In Life and Love, Nothing Happens Until a Decision Is Made

Our noncommittal culture will never appreciate what a gift it can be to make life-changing decisions

“Proposal”
“Proposal” (photo: Adina Voicu / Pixabay / CC0)

Karol Wojtyła, in Love and Responsibility, speaks of love as it relates to the man-woman relationship in three ways — love as attraction, as desire and as good will.

Love as attraction recognizes the physical, sexual good the other person is. Love as desire recognizes the broader emotional/psychological good the other person is. Love as good will recognizes the other as a person, for whom one wills the true good.

The first two “loves” are genuine but incomplete. A person cannot be reduced to his sexual or emotional compatibility, both because the other is greater than those parts and a focus on those parts really does not draw the lover out of himself. Only love as good will, love rooted in a decision for the other person and the other’s objective good, fully merits that name.

I review these facts in light of a new survey out of Great Britain. Marriage Foundation UK reports that one in three couples surveyed in their first 10 years of marriage admitted that, had they not married, they would not likely still be together. Granted that just under half admitted they believed they would be together whether they had married or not, that still leaves a third saying they wouldn’t be together and the balance (about 15-20%) saying they “didn’t know.”

It’s always hard to prove a negative (what didn’t happen) but Marriage Foundation UK offers some convincing reasons to support what the couples said. Some of them seem rather elementary, but we live in a world where even elementary facts are in vicious contention, so perhaps we shouldn’t be surprised.

The first convincing reason is decisions usually lead to follow-through. The second is decisions lead to bilateral commitment.

It’s more likely we will do something if we decide to do it. Their example is deciding to go out for a walk together on a holiday. Now remember: this is the Marriage Foundation UK, which means there is likely to be precipitation in the forecast. If we planned to take that walk, we’re more likely to do so even if — as BBC used to put it nicely — there are “occasional spritzers.” If we had no plans, the likelihood of that walk would significantly erode if, as one steps out the door, clouds were observed on the horizon.

“Occasional showers” here refers not just to literal but also metaphorical senses. 

An all-too-friendly neglected classic film is Delbert Mann’s 1955 movie, “Marty,” about a 30-something Italian-American butcher from the Bronx who’s still single and still living with his mother. Everybody tells him he should get married and deep down he wants to, but between the notional idea of “getting married” and “going-out-and-finding-Clara-to-marry” are a couple of steps which, not taken, means there isn’t going to be a holiday walk or a wedding.

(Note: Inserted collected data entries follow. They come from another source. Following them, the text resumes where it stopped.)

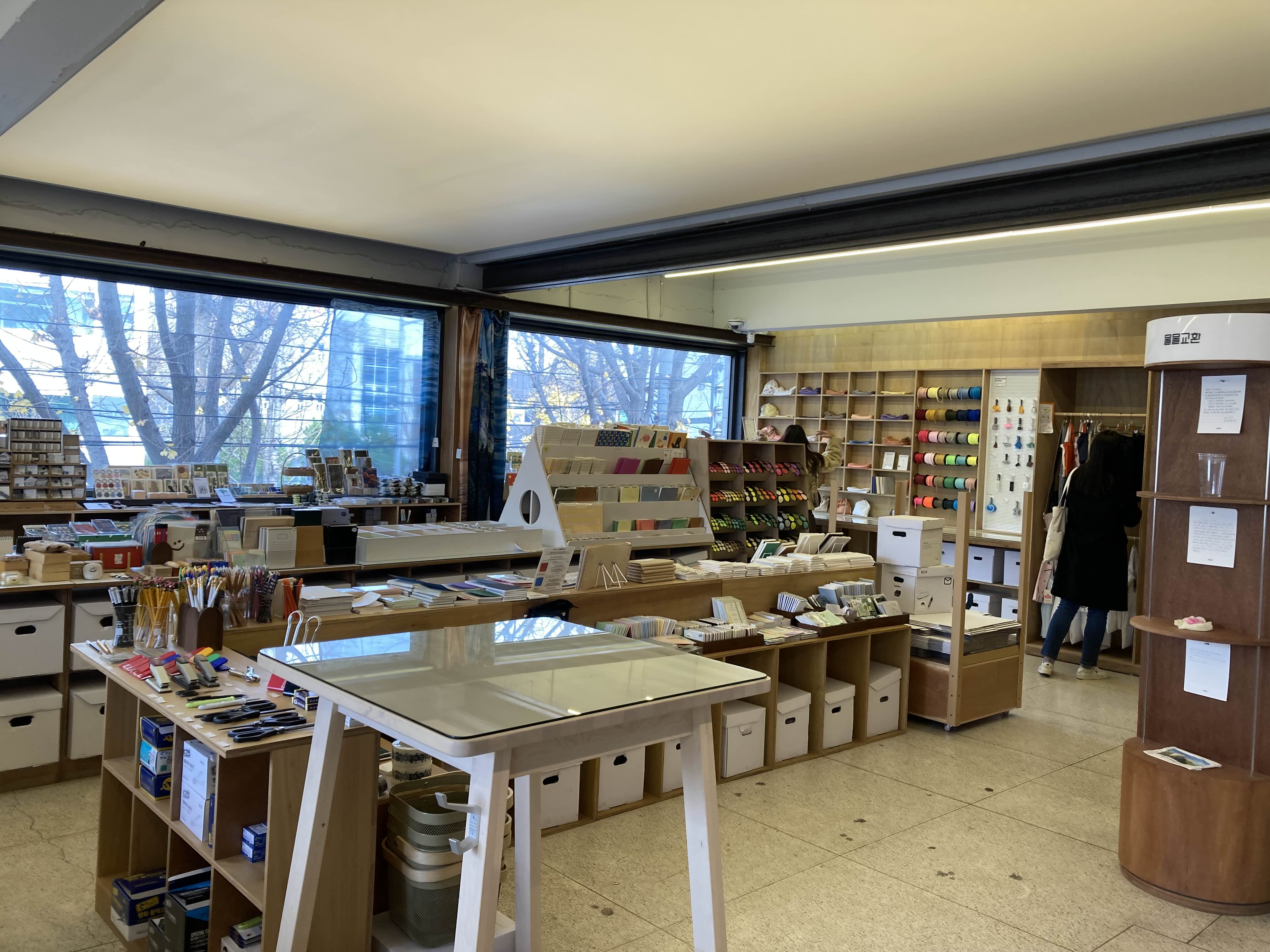 사진에서 보기엔 작아보이는데 들어가 보면 좀 넓고요. 국내 제품들이 많아서 좋았어요. 노트와 다이어리들이 깔끔한 걸 추구하는지 그런 스타일이 많아서 만족스러웠고요. 간편 다이어리 하나와 도띵스티커 세트 하나 그리고 마스킹 테이프 하나를 샀네요. 생각보다 매우 좋아서 친구와 오래 머물며 하나하나 들여다보고 왔어요. 모나미에서도 있지만 여기에서도 모나미 볼펜을 DIY 자기 스타일로 조립할 수 있고요. 노트나 주머니도 각자 취향에 맞게 만들 수 있습니다. 이런 부분이 조금 더 확대되면 좋겠다 싶었어요.
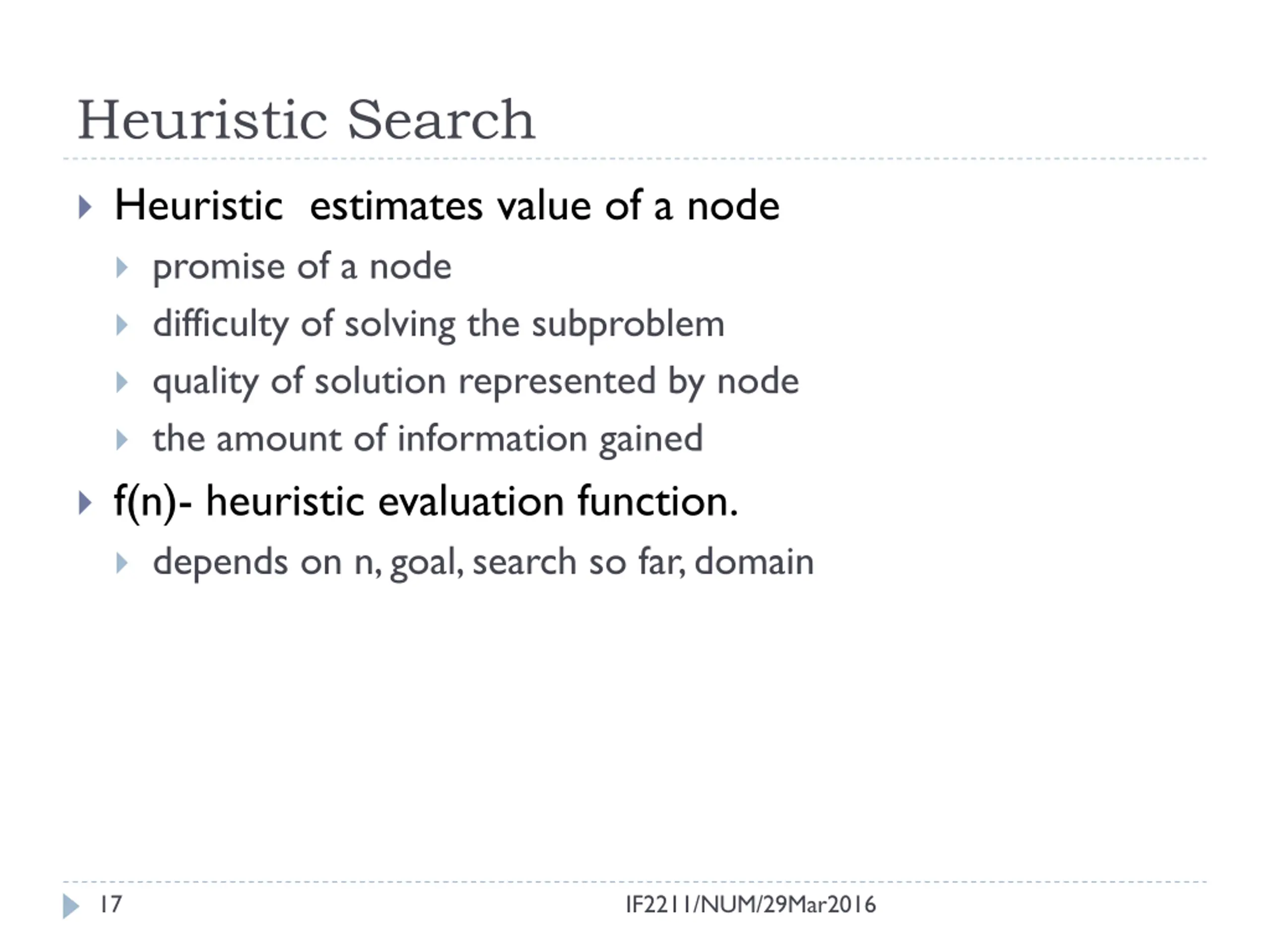 Heuristic Search Heuristic estimates value of a node promise of a node difficulty of solving the subproblem quality of solution represented by node the amount of information gained f(n)- heuristic evaluation function. depends on n, goal, search so far, domain 17 IF2211/NUM/29Mar2016
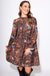 Elevate your everyday wardrobe with this Floral Print High Neck Mini Dress. The high smocked neckline with delicate ruffle trim adds a touch of femininity, while long puff sleeves and pleated details create a flirty, tailored look. Set against a rich brown background, the floral print brings warmth and charm to this mini silhouette—perfect for brunches, date nights, or weekend outings. Lightweight and airy, it offers comfort without compromising style.

In the film’s closing scene, Marty and Angie and a few other male best friends are standing around at the local bar, asking “‘What do you wanna do?’ ‘I dunno. What do you wanna do?’ ‘I dunno, what do you wanna do?’” That’s when Marty breaks loose from his friends, announces all this “what do you wanna do?” is getting them nowhere, realizes that coasting on his family’s and friend’s ambivalences will get him nowhere, and runs to the phone booth to call Clara. Nothing happens until a decision is made.

Decisions entail bilateral commitments. Clara was waiting for Marty’s call for five or six hours. She might say “yes” or she might say “no.” (My guess is “yes”). But until he decides to ask and she decides how to answer, nothing is going to happen.

Cohabitants drift along on inertia — if one side pushes something, that party usually assumes silence as consent. But silence can be passive acquiescence, meaning neither side has decided on the same thing. That’s what the UK Foundation means by “asymmetry of commitment” — what we really think we are in remains an unspoken assumption. Such a project is likely to fall apart when the door’s opened and “spritzers” are felt.

In one sense, the UK study has rediscovered America: decisions count. But in a world that is indecisive, noncommittal and “keeps options open,” the life-changing nature of decision is underappreciated. Happily, God doesn’t devalue them: the whole of salvation history has unfolded on account of taking a decision seriously, and God even made us in such a way that no one else can will for me. I can be forced by compulsion, but nobody can substitute their I for mine when it comes to deciding something. 

That’s why Catholic sacramental theology recognizes that marriage originates in a decision, an act of will: in mutually expressed consent to be married. That’s why those vows are not just empty rituals or family-placating traditions. Making a decision and expressing it publicly are energizing acts that actively empower what they create, not just allow things to drift along on fumes. 

We haven’t even touched the question of how decisions, far from limiting my options, actually increase them by giving them permanence and direction, allowing future choices to be built on earlier foundations built on the rock of will versus the sand of desire or emotion. 

A British foundation indicates that decisions to marry sustain and nurture marriage. We can learn a lot from elementary truths.